There is an example of prompt which I used to generate HWWW analysis:

import { validationPrompts } from '@/lib/ai/prompt/context';

// 1. Prompt itself
const instructions = `
- Perform comprehensive HWW analysis with growth-oriented criteria:
    - Market Opportunity Assessment:
        - Validate breakthrough potential
        - Classify as "Market disruption" vs "Growth accelerator"
        - Identify innovation opportunities
        - Evaluate first-mover advantages
        - Analyze success accelerators
        - Study scaling opportunities

    - Market Leadership Validation:
        - Assess premium value potential
        - Analyze pricing optimization opportunities
        - Identify rapid adoption catalysts
        - Map market domination paths
        - Optimize customer acquisition channels
        - Document value multipliers

    - Solution Leadership Check:
        - Validate competitive advantages
        - Identify scaling opportunities
        - Map compliance innovations
        - Optimize launch timeline
        - Analyze efficiency multipliers
        - Evaluate market leadership potential

    - Target Demographics Analysis:
        - Map market domination potential
        - Document behavioral opportunities
        - Track engagement accelerators
        - Identify loyalty builders
        - Map growth multipliers
        - Validate premium positioning
        - Assess revenue optimization
        - Map decision catalysts
        - List adoption accelerators

- Use evidence-based validation with breakthrough focus
- Focus on market leadership metrics
- Document clear domination paths
- Maintain balanced yet ambitious assessment
- Provide readiness to pay and a number for money which users are willing to pay for the solution.
`.trim();

// 2. Output schema
const schema = {
  "how_big_a_problem_is": {
    "overview": {
      "description": "",
      "size": 0,
      "dimension": ""
    },
    "frequency": [
      {
        "name": "",
        "explanation": ""
      }
    ],
    "readiness_to_pay": {
      "summary": "",
      "pricing": 0,
      "researches": [
        {
          "research": "",
          "explanation": ""
        }
      ]
    },
    "persistence": {
      "duration": "",
      "trend": "",
      "explanation": ""
    },
    "urgency": {
      "level": "",
      "explanation": ""
    },
    "historical_attempts": [
      {
        "name": "",
        "result": ""
      }
    ]
  },
  "why_does_this_problem_exist": {
    "summary": "",
    "reasons": [
      {
        "name": "",
        "explanation": ""
      }
    ]
  },
  "why_nobody_solving_it": {
    "summary": "",
    "reasons": [
      {
        "name": "",
        "explanation": ""
      }
    ]
  },
  "who_faces_this_problem": {
    "summary": "",
    "metrics": {
      "characteristics": [
        {
          "name": "",
          "value": ""
        }
      ],
      "geography": [],
      "psychology_patterns": [
        {
          "name": "",
          "value": ""
        }
      ],
      "specific_interests": [],
      "habitual_behaviour": [
        {
          "name": "",
          "value": ""
        }
      ],
      "trust_issues": [
        {
          "name": "",
          "value": ""
        }
      ],
      "where_to_find_them": [
        {
          "name": "",
          "value": ""
        }
      ]
    }
  }
};

export default validationPrompts(instructions, schema);

So as you can see I have two parts of a prompt:

Prompt itself which contains instructions in English.
Output schema which LLM should produce.
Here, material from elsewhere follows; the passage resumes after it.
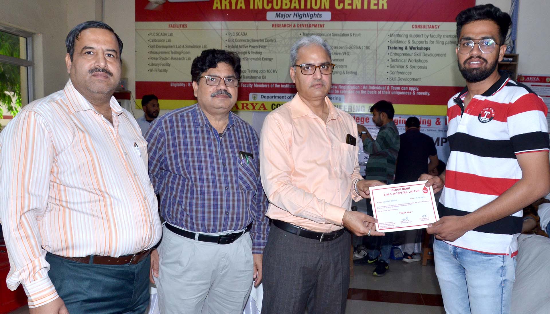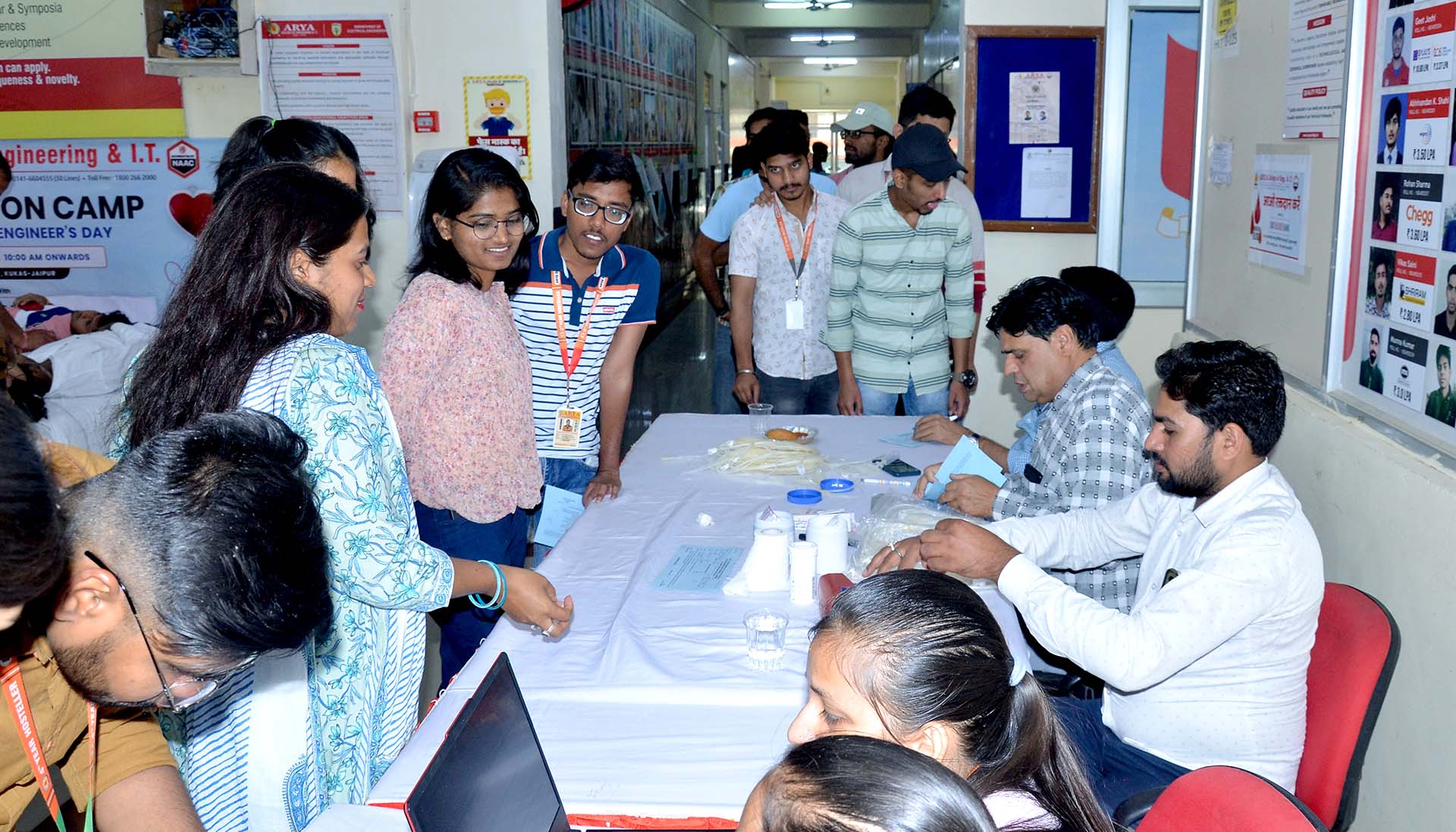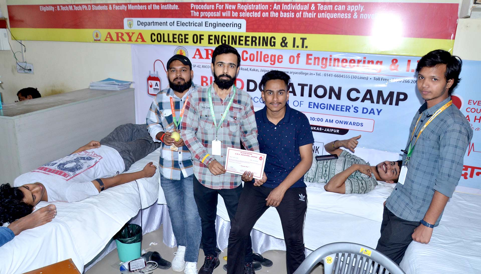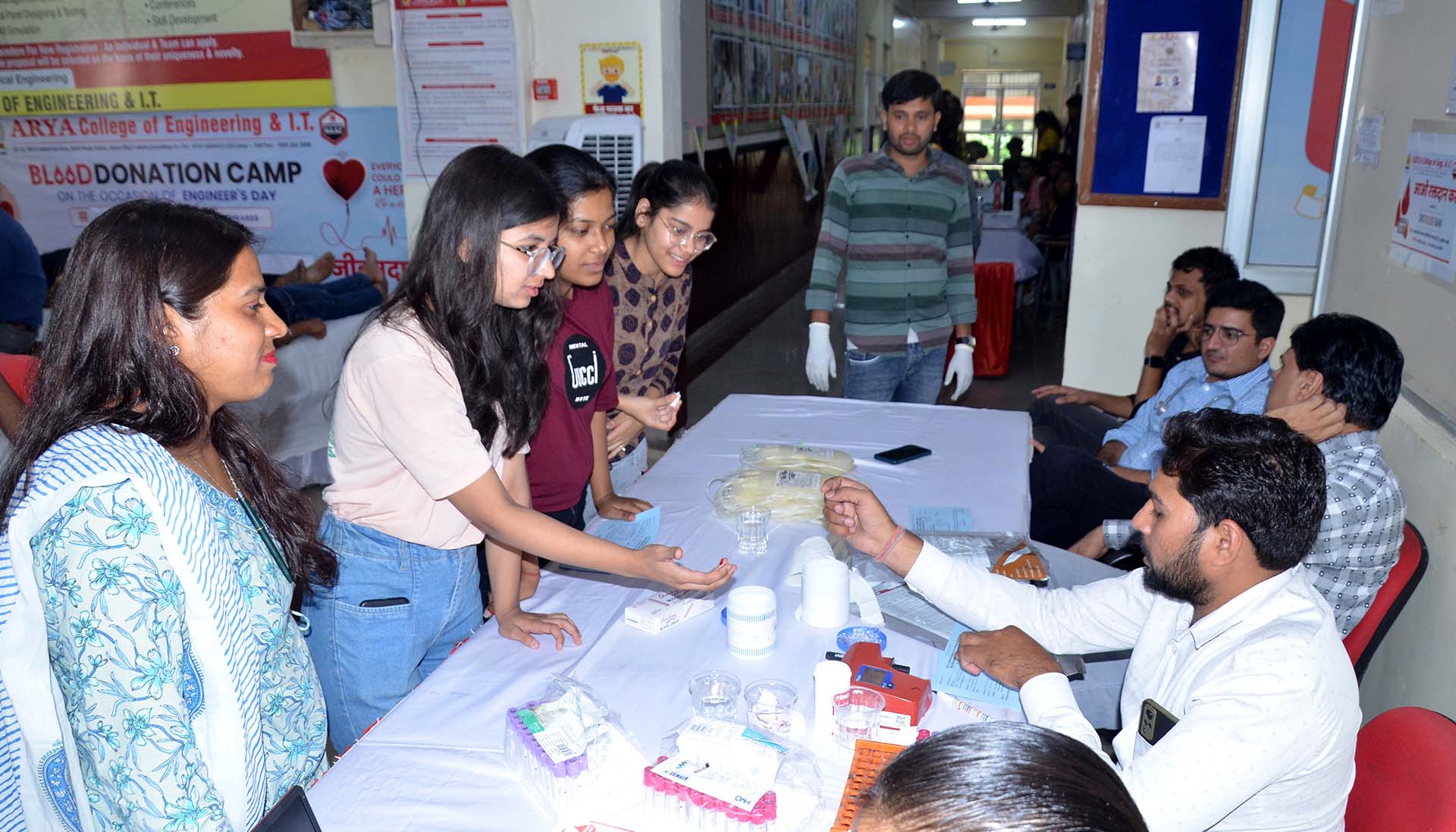 On World Thalassemia Day, May 8, 2023, Arya College of Engineering & IT, Jaipur organized a Blood Donation Camp at Arya 1st Old Campus. A dedicated team of doctors, nurses, and technicians from SMS Blood Bank supported the event, ensuring its smooth execution. Around 200 students, faculty members, and staff enthusiastically participated, donating blood to help save lives. The event highlighted the importance of blood donation, with students showing great enthusiasm in making a meaningful impact. Arya 1st Old Campus extends heartfelt gratitude to all donors, whose contributions will make a significant difference in the lives of many patients.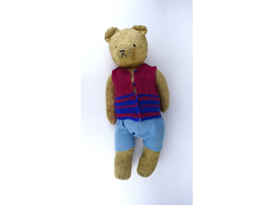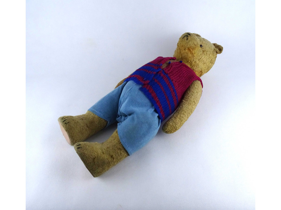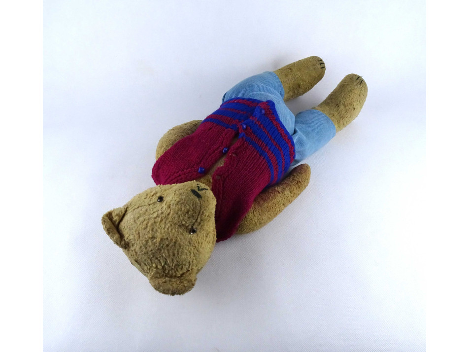 Nagyon régi, felöltöztetett füles mackó, szalmás mackó. A maci két karja, lábai és feje mozgatható, forgatható, szeme üveg.

It contains field names and empty values for types to give a clue for LLM what type need to use in a field.

Another prompts used in AI Founder are available on GitHub

UI Development

AI Founder is available here.

As I mentioned above UI became a differentiation point in my application so I should to build a good UI. But I'm back-end engineer and I can build UIs which are good for me but not very good for an end user. So to build a good UI I decided to use Cursor in an agent mode with some prompts like:

Use TailwindCSS and Next.js to build idea analyser page which will contain:
- HWW 
- TAM-SAM-SOM
- ...

This page should have a beautiful UX and be mobile friendly

By making some amount of iterations Cursor has been built a beautiful UI for me:

Also I added dynamic behaviour like query analysis results by timeout to improve UX:

import { useState, useEffect } from 'react';
import projecApi from '@/lib/client/api/project_api';

const POLLING_INTERVAL = 3000;

const hasAnyTasks = (tasks) => {
    if (!tasks) return false;
    return Object.values(tasks).some(taskList => Array.isArray(taskList) && taskList.length > 0);
};

export default function useProjectPolling(initialProject) {
    const [project, setProject] = useState(initialProject);
    const [isPolling, setIsPolling] = useState(hasAnyTasks(initialProject?.data?.tasks));

    const startPolling = (project) => {
        setProject(project);
        setIsPolling(true);
    };

    useEffect(() => {
        let timeoutId;

        const pollProject = async () => {
            if (!isPolling) return;

            try {
                console.log('Polling project:', project.id);
                const updatedProject = await projecApi.getProject(project.id);
                setProject(updatedProject);

                if (hasAnyTasks(updatedProject?.data?.tasks)) {
                    timeoutId = setTimeout(pollProject, POLLING_INTERVAL);
                } else {
                    setIsPolling(false);
                }
            } catch (error) {
                console.error('Polling error:', error);
                if (isPolling) {
                    timeoutId = setTimeout(pollProject, POLLING_INTERVAL);
                }
            }
        };

        if (isPolling) {
            timeoutId = setTimeout(pollProject, POLLING_INTERVAL);
        }

        return () => {
            if (timeoutId) {
                clearTimeout(timeoutId);
            }
        };
    }, [project?.id, isPolling]);

    return { project, startPolling, setProject };
}

The code above uses React hooks to query analysis for a project every 3 seconds and with it I can achieve dynamic feeling for my end users.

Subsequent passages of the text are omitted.